И Мадд оставляет, хотя есть что-то предосудительное в том, чтобы сразу оба комика носили усы. Он подумывает сбрить свои. Нет сомнений, это изменит динамику их дуэта. Разве зритель поверит, что их дуэтом правит безусый? И этот новый, истощенный Моллой выглядит злым. От озорной улыбки не осталось и следа. Но, Бад, ради всего святого, он же был в коме! Дай ему прийти в себя. И в любом случае, несмотря ни на что, его друг снова с ним, а все остальное — мелочи, их можно обсудить и решить позже, в свое время.

Пока иду домой после сеанса у Барассини, пересматриваю свой список. Так я коротаю время, а кроме того, всегда полезно знать, где находишься.

Список людей, которые, вероятнее всего, умнее меня:

Альберт Эйнштейн

Сьюзен Зонтаг

Исаак Ньютон

Данте Алигьери

Уильям Шекспир

Ханна Арендт

Джеймс Джойс

Жан-Люк Годар

Готфрид Лейбниц

Алан Тьюринг

Ада Лавлейс

Мари Кюри

Аристотель

Примечание: срочно найти афроамериканца!

Я останавливаюсь возле «Дерева желаний» Йоко Оно, которое в этом году привезли на фестиваль «Перформа», и прикрепляю к нему свое желание: я желаю привнести в мир критики столько же гениальности, сколько Пикассо и Брак привнесли кубизмом в мир живописи. Можно ли смотреть фильм под разными углами? Подо всеми углами? Может ли критика включать в себя все потенциальные интерпретации? Можно ли понять фильм со всех человеческих точек зрения? И всех нечеловеческих? Вот моя цель.

В данный момент на дереве, кроме моего, висит всего одно желание: «Велосипед. — Джим Керри».

Глава 43

— Рассказывай.

Я сижу незримым вместе с Маддом и Моллоем, кажется, в часовне при больнице. Моллой — в больничном халате, Мадд — в элегантном двубортном костюме.
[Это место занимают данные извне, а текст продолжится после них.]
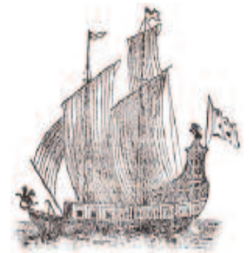
Father Hennepin's description of a 17th century explorer:

Come Join The Explorers in Charlevoix the Beautiful!
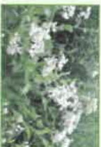
Wild Quinine Parthenium integrifolium 56 Insect species
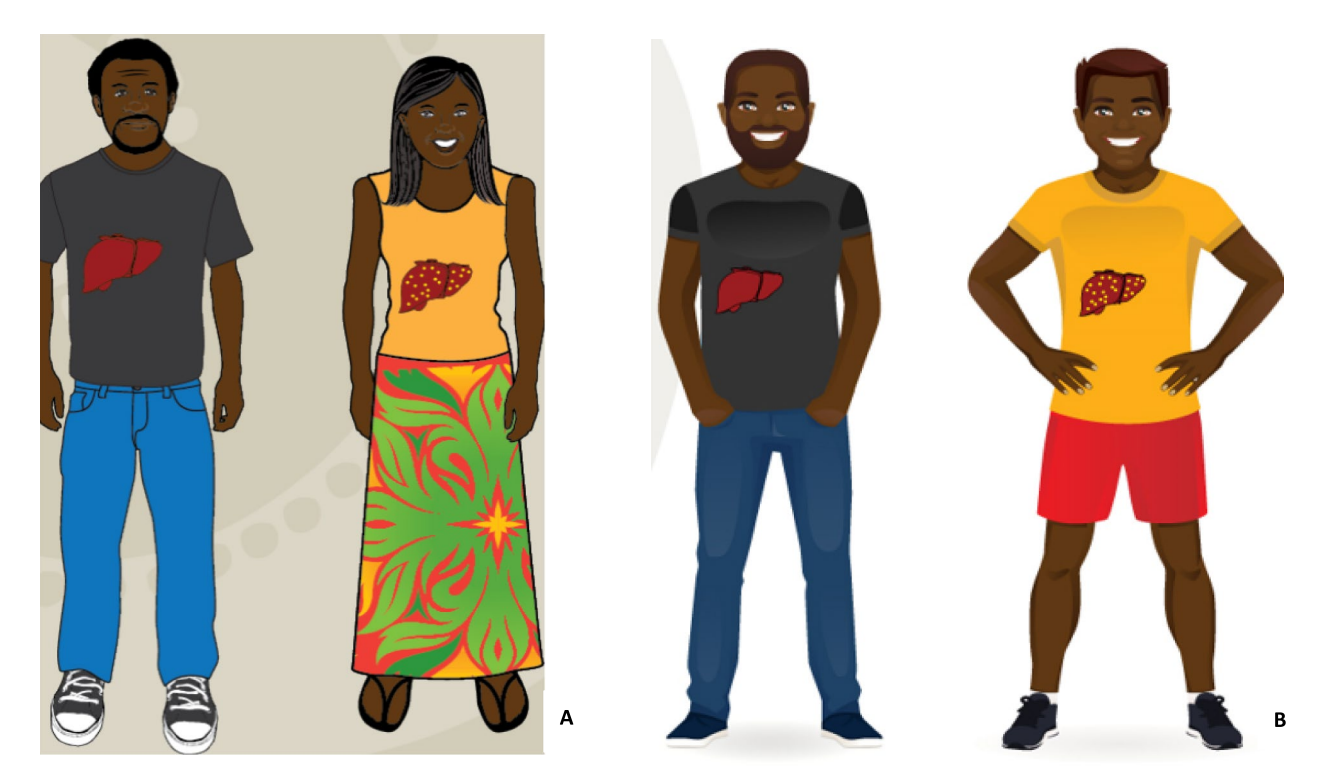
Fig. 4 Picture of a woman with liver nodules (A) has been changed to a man with liver nodules (B)

"Kissing picture not good, pregnant tummy not good, rest ok".
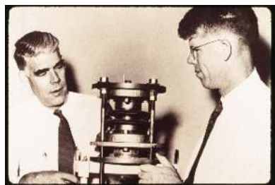
FIG. 1. Photograph of the Varian brothers with the klystron.

Ultimately, they constructed the Gamma Knife using cobalt radiation. 30 Leksell began treating patients with this device in 1957, calling the technique “stralkniven” (ray knives). 11,27 Other investigators worked with particle beam radiosurgery systems at the University of California at Berkeley and in Boston. 23,33
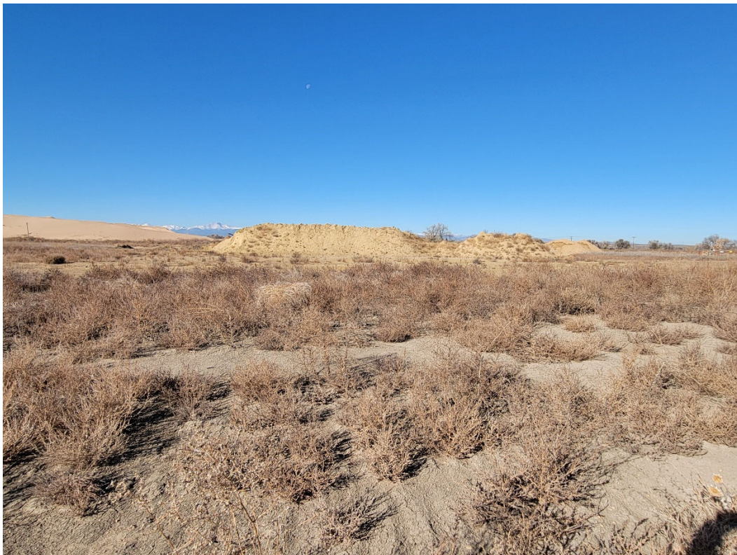
Photo 8: Looking northwest across Cell 3. Stockpiles of material left over from previous mining operation at the site.
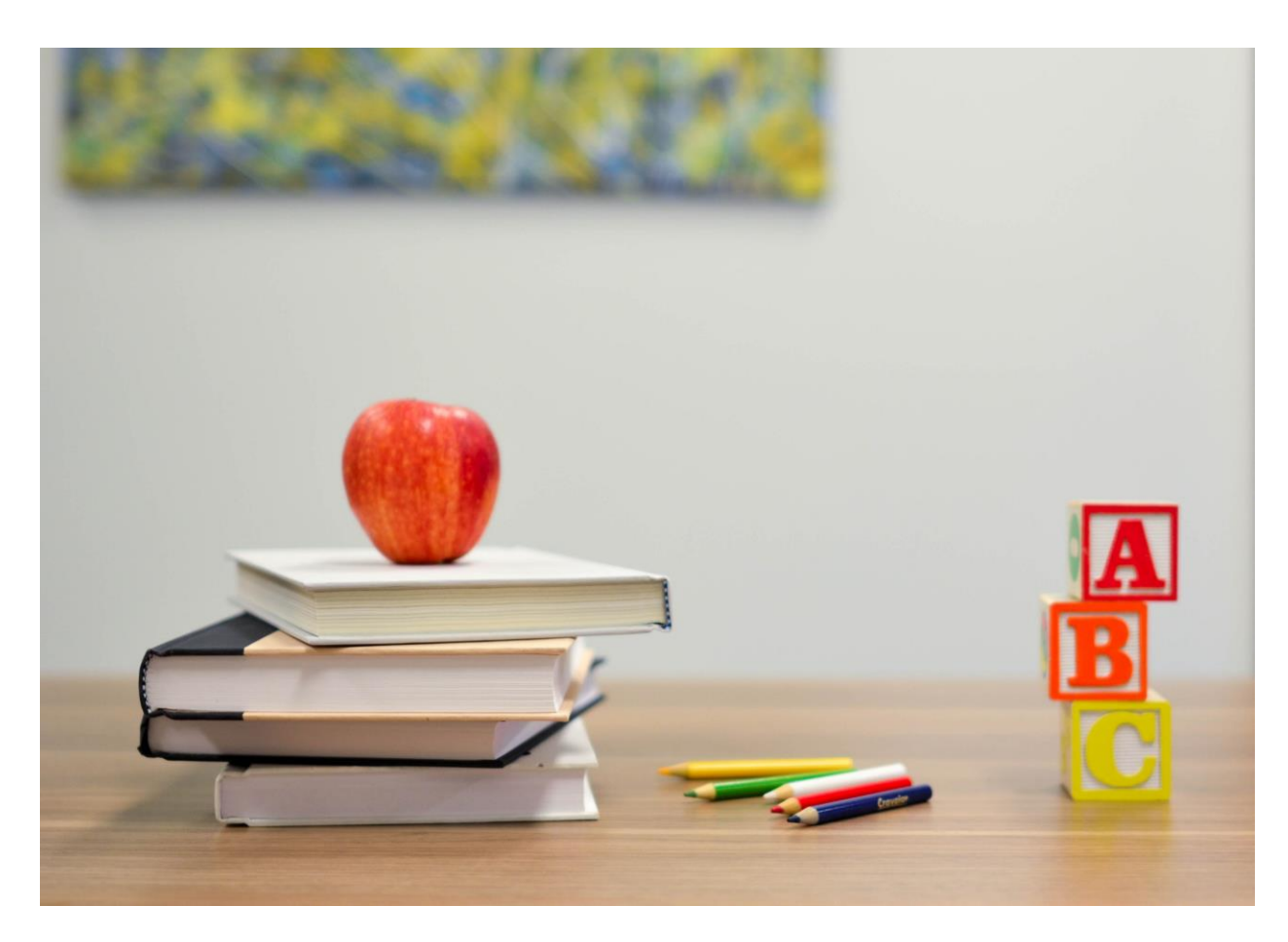
Year 1 Term 1 Overview 2024
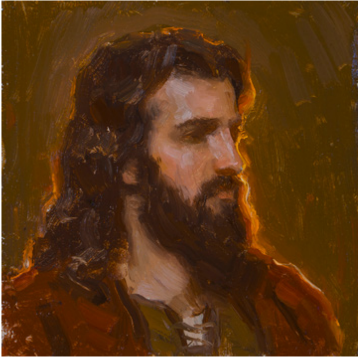
HIS LIGHT, MAY NOT BE COPIED
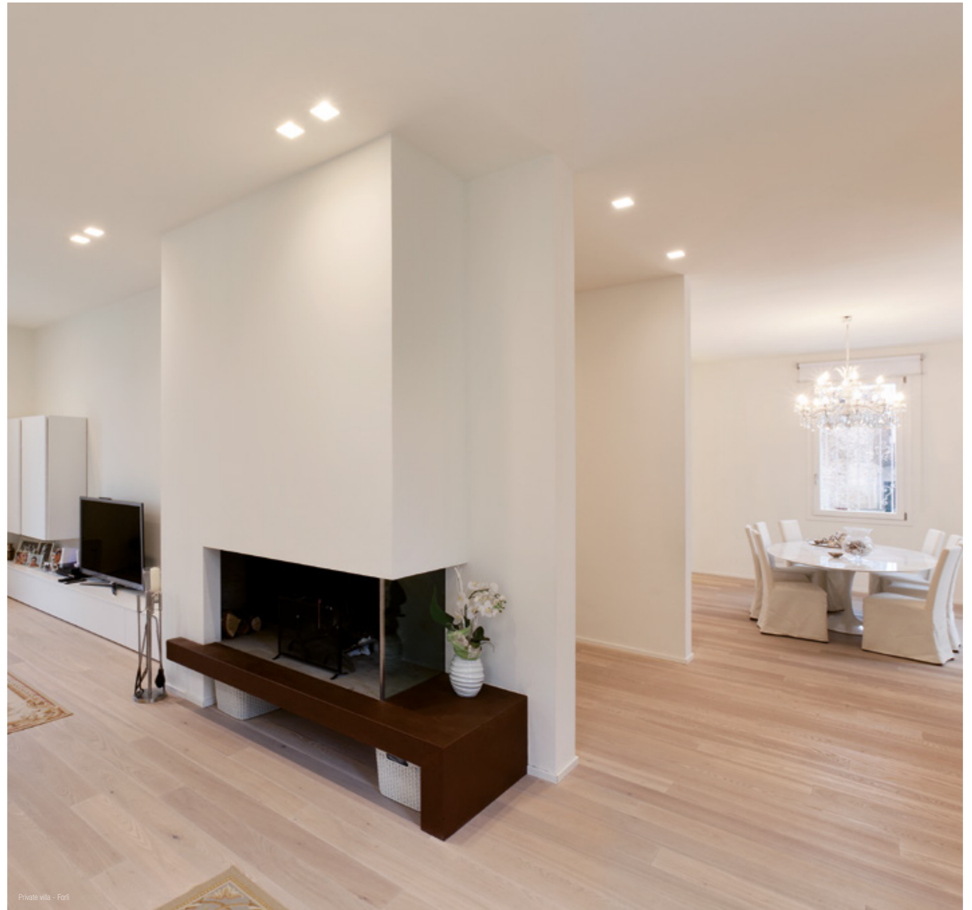
Private house - ASZ Architeti
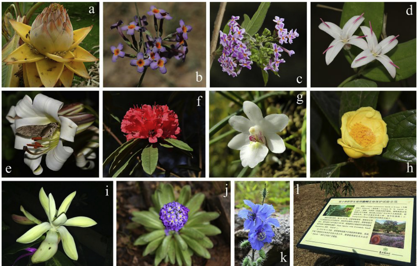
Fig. 2. Some representative plant species conserved in KBG: a) Musella lasiocarpa ; b & c) Buddleja delavayi and its mutant; d) Stemona mairei ; e) Lilium sargentiae ; f) Rhododendron delavayi ; g) Holcoglossum rupestre ; h) Camellia nitidissima ; i) Manglietiastrum sinicum ; j) Primula denticulate ; k) Meconopsis racemose ; l) Plant Species with Extreme Small Populations garden in KBG.
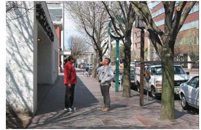
Visual7W: 2. What color is the sidewalk? Ground Truth: Gray Predicted: Gray Visual7W: 1. Where are the men talking? GT: Sidewalk Predicted: In the street
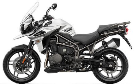
Ceramic Protective Coating FOR SPORT MOTORBIKES
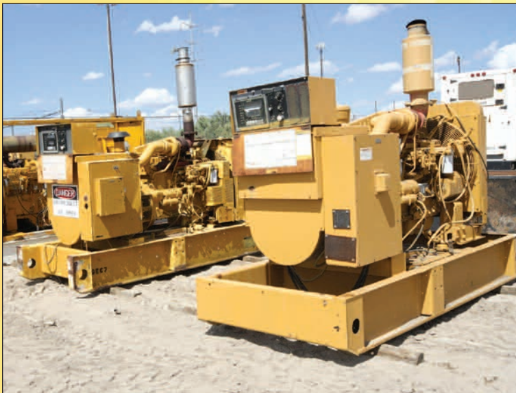
VIEW OF GENERATORS
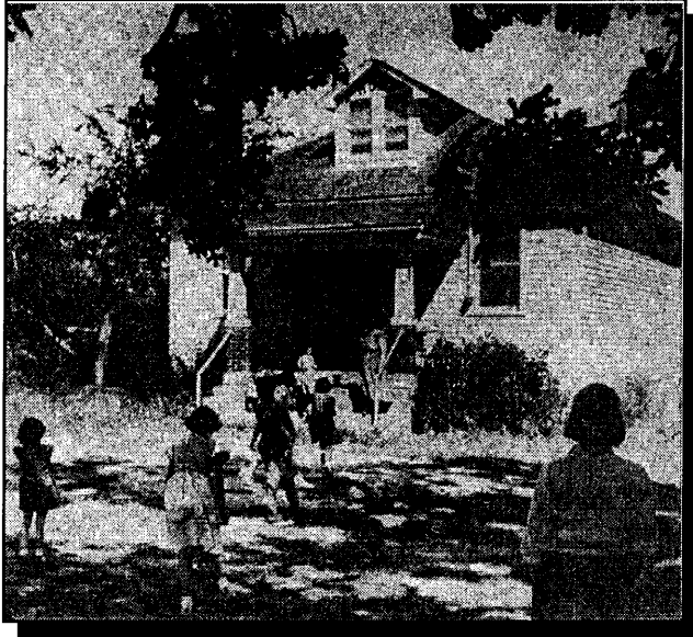
From Leavenworth Times , 3 September 1952.

the Hund School grounds was salty due to nearby Salt Creek, the students had to make daily trips to the nearby Hund residence for water.
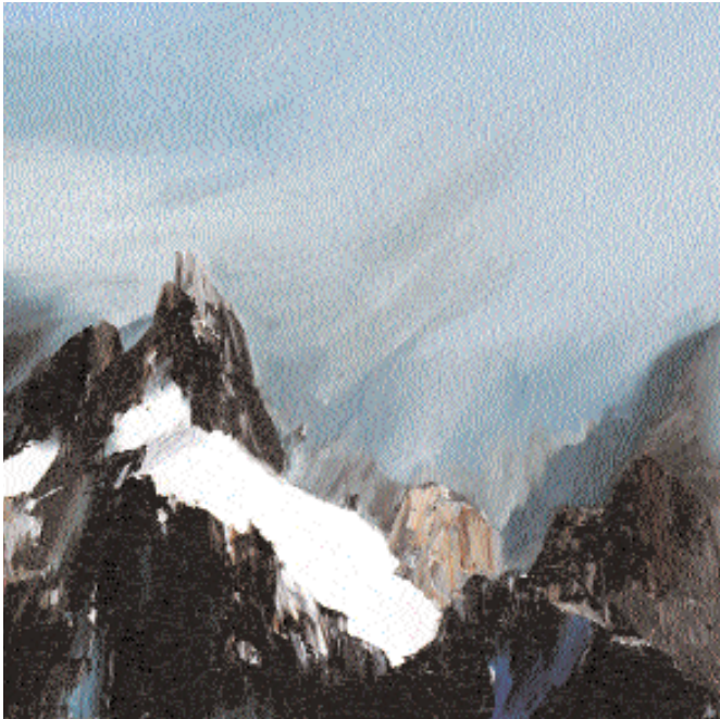
80 x 80 cms
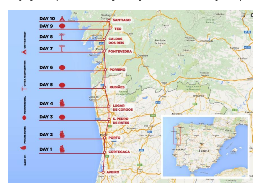
Figure 1. Itinerary and arrangements for overnight stays

The map shows graphically the route, stops and places where overnight stays have occurred.
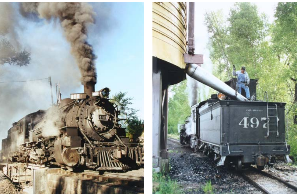
B&W Prototype Photo, 1<sup>st</sup> Place, Jeffrey Boock

Color Prototype Photo, 2<sup>nd</sup> Place, Jeffrey Boock
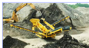
Concrete Crushing Machine:
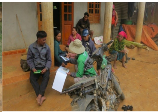
A PeaceTrees EOD technician delivering EORE to residents in Tan Lien Commune- Quảng Trị Province
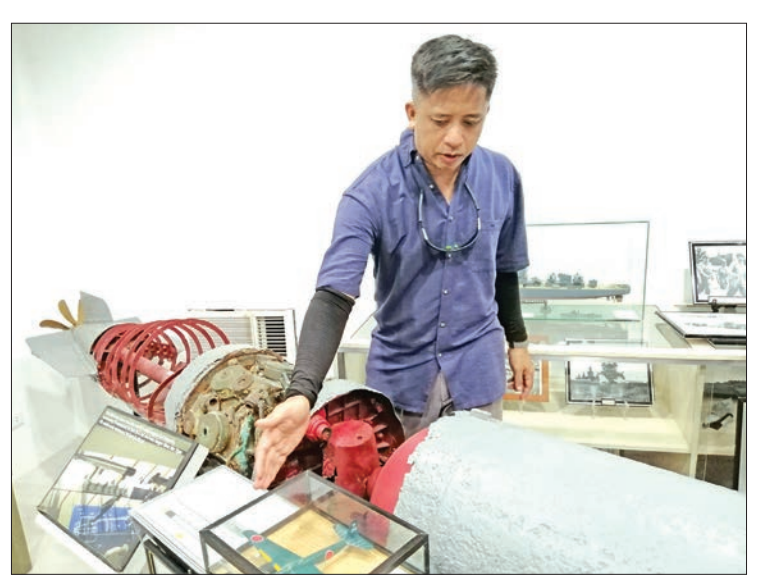
A local historain explains about some items on display at the Battle of Surigao Strait Museum.

Prayers were offered and wreaths were laid at a section of a public school identified as cremation site for up to some 500 Japanese naval personnel and soldiers who died when American forces, out to regain the Phil-
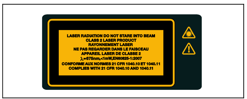
Figure 3-1. Laser safety warning

On page 10, in the Maintenance section, add the following after the Caution:
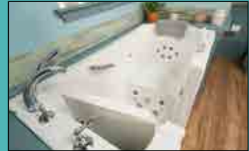
44 Hydrotherapy Jets

Only American Standard has OVER 140 years of experience and offers the Liberation Walk-In Bathtub.
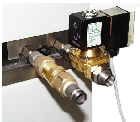
Fig. 2: Shut down valve Figure 1

— Предлагаю вернуться к съемкам, доснять «Идут два славных малых», — говорит Моллой.

— Хорошо, Чик. В смысле я даже не знаю. Бизнес с тех пор изменился.

— Вряд ли он мог сильно измениться за три месяца.

— Знаешь, Чик, давай начистоту?

— Конечно.

— Мне кажется, ты изменился. Немножко.

— Я так не думаю.

— Теперь ты похож на… меня, — говорит Мадд. Моллой долго разглядывает Мадда.

— Понимаю, — говорит Моллой.

— Не думаю, что ты теперь сможешь сыграть того же персонажа.

— Ну, может, хотя бы попробуем?

— Сейчас?

— Почему нет?

— Да, конечно. Сцену в галантерейном магазине?

— Давай.

Они играют сцену, получается плохо.

— Мне не нравится, Чик. Теперь все как-то неестественно, — говорит Мадд.